Debian is not slow to update. It intentionally uses a 2 year software freeze model to prevent new software features from introducing bugs or exploits. Software security updates are still pushed regularly. I think there is some sort of exception for Firefox. There is also an optional backports repository.

Linux Mint uses the same update model. Linux Mint has the same 2 year freeze release model as Debian. There's 2 versions of Linux Mint: Ubuntu LTS edition which is a 2 year release model and Debian Edition which is a 2-year release model. You can't say that Mint is better than Debian while criticizing Debian for a thing that Mint also does.

Linux Mint doesn't even manage a full software repository, it only has a partial repository which contains the Linux Mint (Cinnamon DE).
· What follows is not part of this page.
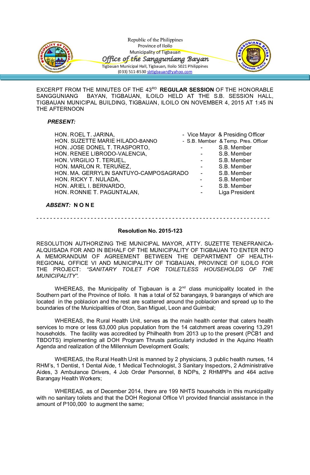 Resolution No. 2015-123
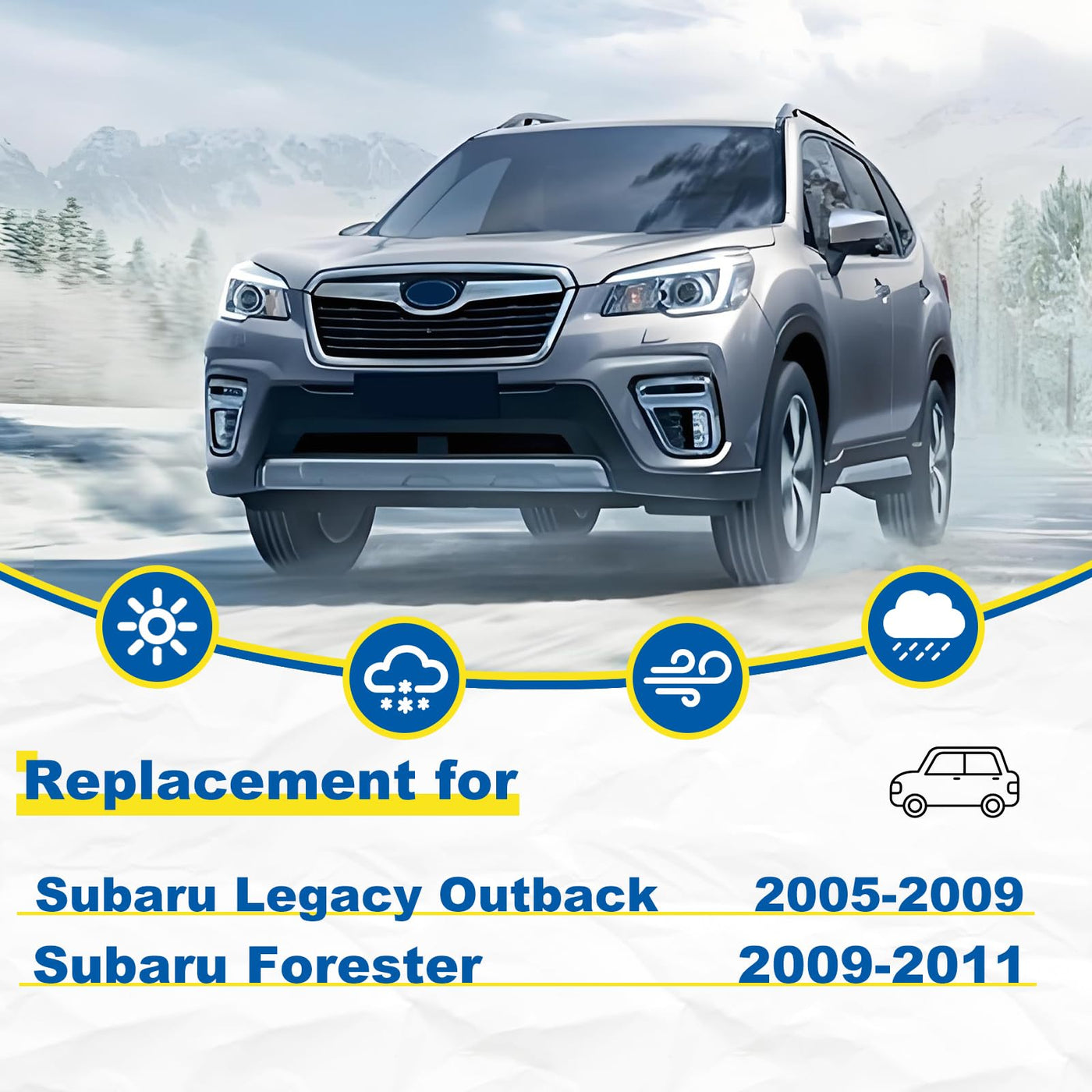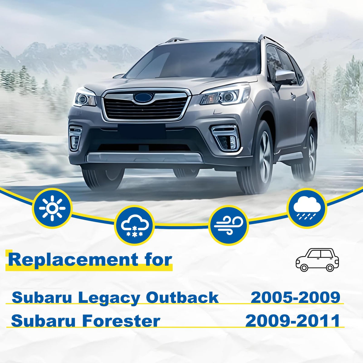 Q: What vehicles are compatible with the HRSNO windshield wipers?A: The HRSNO windshield wipers are designed as a replacement for Subaru Legacy (2005-2009), Subaru Forester (2009-2011), and Subaru Outback (2005-2009). These wipers ensure a perfect fit for these specific models, providing optimal performance.

If you install the Ubuntu LTS version of Linux mint, it sets your software repositories to Ubuntu LTS repositories and adds an additional Mint repository which only has the latest Cinnamon DE. If you install the Linux Mint Debian version, it does the same thing but with the Debian repositories.

Also Debian just release Debian 13, so all of the software in the repository is pretty fresh right now. Debian 13 was released in August 2025 and the software freeze is based on April 2025

If you want to have a rolling release distro, then you would have to use something that is ArchLinux based. Rolling release distros are prone to more bugs and exploits. For example, the xz-utils ssh backdoor mainly affected ArchLinux, which the exploit never made it past the testing versions of Debian and Fedora.